При этом учти, когда я писала свои письма – мной руководила любовь. А тобой что? Ведь ты же – не любишь меня, и не любил. Просто ты сейчас одинок и тебе хочется вернуть привязанность той дурочки, которая смотрела на тебя влюбленными глазами и ловила каждое твое слово. НЕТ! НЕТ! НЕТ ! Этого не будет больше. Всему своё время. У меня вполне достаточно переживаний, кроме этого. С меня довольно! И не смей мне больше писать. Слышишь? Видеть тебя не могу!

Р.S. Но теперь я хоть знаю, с кем имею дело».


Я еще раз перечитываю последнее предложение и хохочу. Хохочу на всю улицу, хохочу сквозь слезы, над собой, над жизнью, которая так беззаботно играет всем и вся; хохочу от бессилия и обиды, хохочу от того, что понимаю – это всё, конец. Теперь-то до меня дошло.

Я действительно не понят.

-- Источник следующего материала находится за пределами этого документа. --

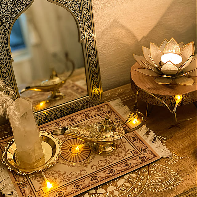 オージアーチがデザインされたミラー前に、ミニ絨毯とランプ、キャンドルを並べたアイデアです。幻想的な様子は、まるで小さな礼拝堂。小ぶりなアイテムを組み合わせて、モロッコのアラビアンテイストを上手に表現した実例です。

Вернее, настолько извращенно понят, что хочется самому себе плюнуть в морду. Своей бестактностью я оскорбил всё лучшее в душе Марии, мало того – я не предпринял попыток отказаться от того безумного письма. Ведь я же знал, что так получится. Ответить! Написать всё! Сколько можно!? Однако, подходя к редакции, я несколько охладел. Написать? Я открыл дверь, уселся, не раздеваясь за стол, схватил белый, глянцевый лист. Увы и Ах! Не могу взгляд отвести от одной точки. Что ей написать? Она, все равно не поверит ни одному моему слову. Всё равно напишу много и обо всём. Ведь я же не подозревал, что она меня так любит до сих пор. Сильно, искренне, ревниво…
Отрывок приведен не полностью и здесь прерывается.